§ **Task goal**
What you return must be an exact copy of the lines in the listing below between the line holding "조건별 자료제공 페이지가" and the line holding "Çelik Ay Kolye – Kadife Kutulu Kadın Kolye", inclusive, and nothing more.

§ **Provided information**
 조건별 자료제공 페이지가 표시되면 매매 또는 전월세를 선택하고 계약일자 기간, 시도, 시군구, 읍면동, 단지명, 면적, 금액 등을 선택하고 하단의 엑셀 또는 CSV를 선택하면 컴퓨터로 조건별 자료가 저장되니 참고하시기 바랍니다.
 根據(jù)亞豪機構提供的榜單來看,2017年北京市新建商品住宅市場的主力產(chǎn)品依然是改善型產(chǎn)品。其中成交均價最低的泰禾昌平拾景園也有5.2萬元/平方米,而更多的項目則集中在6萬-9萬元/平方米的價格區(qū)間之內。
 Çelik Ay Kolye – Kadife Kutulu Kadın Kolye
---
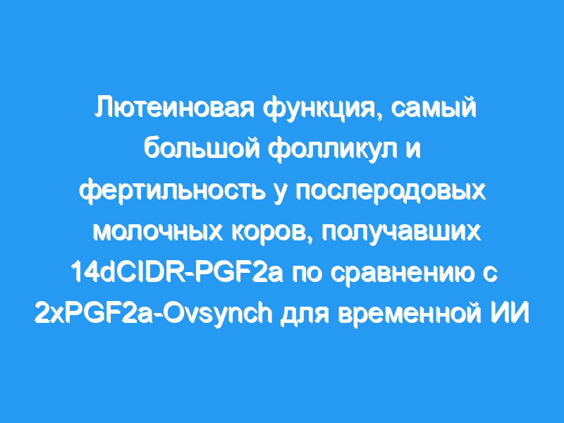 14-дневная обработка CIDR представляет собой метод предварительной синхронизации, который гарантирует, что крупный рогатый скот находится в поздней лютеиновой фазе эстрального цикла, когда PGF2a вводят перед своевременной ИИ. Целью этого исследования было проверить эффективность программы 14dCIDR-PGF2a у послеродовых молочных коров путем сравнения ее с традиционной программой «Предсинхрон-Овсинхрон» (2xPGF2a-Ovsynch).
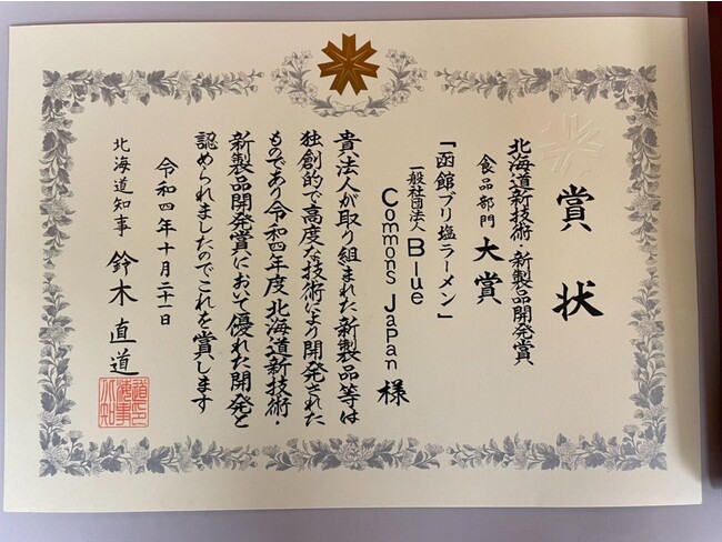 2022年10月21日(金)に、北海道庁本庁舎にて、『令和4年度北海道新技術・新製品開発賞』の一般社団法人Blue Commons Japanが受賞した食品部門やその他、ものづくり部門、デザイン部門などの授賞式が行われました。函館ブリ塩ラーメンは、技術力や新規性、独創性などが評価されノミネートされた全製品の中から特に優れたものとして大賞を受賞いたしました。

§ **Solution below**
 조건별 자료제공 페이지가 표시되면 매매 또는 전월세를 선택하고 계약일자 기간, 시도, 시군구, 읍면동, 단지명, 면적, 금액 등을 선택하고 하단의 엑셀 또는 CSV를 선택하면 컴퓨터로 조건별 자료가 저장되니 참고하시기 바랍니다.
 根據(jù)亞豪機構提供的榜單來看,2017年北京市新建商品住宅市場的主力產(chǎn)品依然是改善型產(chǎn)品。其中成交均價最低的泰禾昌平拾景園也有5.2萬元/平方米,而更多的項目則集中在6萬-9萬元/平方米的價格區(qū)間之內。
 Çelik Ay Kolye – Kadife Kutulu Kadın Kolye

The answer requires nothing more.